The following services are available directly through Independence Northwest:

Case Management
Case Management is the foundation of all other services. We call our case management employees Personal Agents (PAs). Your PA will get to know you, get to know your goals, and get you connected to the people and services you need to achieve them. A PA’s job is to help you figure out what you want, and then connect you with the tools you need to get it. After that connection is made, a PA will check in to make sure that everything is going well, and will make adjustments at your request if something isn’t working.

Resource and Referral
Resource and referral are core functions of case management. Personal Agents help connect you to the services and resources you need from your community. From local social events to where to get a food box and housing assistance, your PA will help you know what’s available, and how to connect.

Advocacy
Advocacy is the simple work of believing in a person’s goals, abilities, and right to live the life they choose. Your Personal Agent (PA) may act as an advocate for you with your school system, with your local community, with an employer, or with your family. Your PA may even challenge your own beliefs about your limitations, and what is possible in your life. An advocate takes your side to secure what you need, and expand your world.
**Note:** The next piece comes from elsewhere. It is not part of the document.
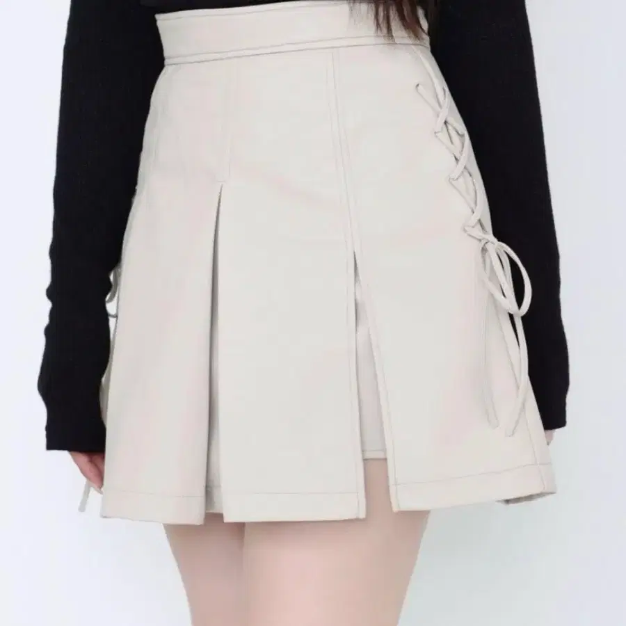EATME 레이스업 인조 가죽 플리츠 스커트 아이보리 M 사이즈

Through Case Management and navigation supports, Independence Northwest connects you directly with providers (be they Personal Support Workers, contractors, or Provider Organizations) that offer the following supports:

Daily Living Supports
Daily Living Supports is a general term for the help you need with the most basic activities of life—bathroom tasks, getting dressed, eating, etc. This help can happen at home, or out and about.

Skills Training
Skills Training is just what it sounds like: the training you need to learn how to do specific tasks more independently. You choose the skills you want to learn (cooking, riding the bus, making new friends, etc.), and your chosen service provider will help you learn how to do it yourself. Building skills is at the heart of many of our services. Learning how to be more independent by growing our skills is something that most of us humans work on throughout our lives.

Supported Employment
Supported Employment is a category of services that focuses on preparing for, looking for, and keeping a job. The focus here is on community jobs, with full employment aiming for at least 20 hours per week. The services of Supported Employment include ones that are meant to help you figure out what you might want to do (Discovery, Employment Path), as well as ones to help you find the right job for you once you know what it should look like (Job Development, support with Vocational Rehabilitation). Oregon is dedicated to community employment as a first and best option for adults with IDD.

Family Training
Family Training is focused on increasing the skills and understanding of a person’s family members. Sometimes it can help for the people around you to have a better understanding of your diagnosis, and how to best support you. (Note: this doesn’t include family members who are also paid to provide support.)

Relief Care
Relief Care is the term used for back-up staffing and supports used when your main caregivers need a break. Everyone wins when your supports are rested, refreshed, and ready to engage. Relief care can provide that much-needed time away.

Home Modifications
Home Modifications can be used to make your home better fit your personal needs. It might be as simple as putting up grab-bars to help with getting in and out of the bath, or putting in a ramp to help you safely enter and exit your home. The goal here is safely increasing your independence, or reducing the pressure on the people who support you.

Assistive Devices
Assistive Devices are appliances, medical equipment, or technological items that can help increase a person’s independence during their daily routines and activities. This category is broad, because a device’s worth is based on whether or not it is personally helpful to you. It could include things like specially-designed clothes to help you get dressed on your own, or appliances adaptations to make it easier for you to cook for yourself in the kitchen.

Assistive Technology
Assistive Technology is a lot like Assistive Devices, in that the focus is on helping to increase your independence and safety throughout the day. However, rather than focusing on a piece of equipment, this category is meant to fund electronics, software, services, and some personal tablets and cell phones. This category can include things like communication devices, personal emergency response equipment, and GPS alert service. As with most of these support services, what is allowable really depends on what your disability-related needs are.

Behavior Supports
Behavior Support is the general term for help figuring out why a person is acting a certain way (especially when they can’t express it in words), and how that person might be able to express themselves in a safer, more effective way. You can choose to work with a Behavior Consultant to help identify the root cause of a specific behavior, and create a plan to help family members, providers, and friends safely and effectively support you through it.

Chore Services
Chore Services are meant to bring a dangerously unsanitary or cluttered home condition up to safe and livable standards. This service isn’t meant to cover regular housework or cleaning responsibilities, but instead is the deep cleaning, heavy lifting, or other work to bring a home or yard up to standard.

Community Transportation
Community Transportation is what you use to get around in your community. This can include bus passes, mileage reimbursement, or even taxi services where public transit is hard to come by. The first step to being included in your community is to be able to get where you want to go.

Home-Delivered Meals
Home-Delivered Meals are available for people who live in their own home, are home-bound, have no one to help with meal prep, and can’t prepare meals themselves. For these folks, it may be more cost-effective to have meals prepared and delivered to them in their homes rather than paying for providers to come in solely to make meals.

 

Services come from one of two funding sources: the Community First Choice Option (the K Plan) or the Title XIX Waiver Program.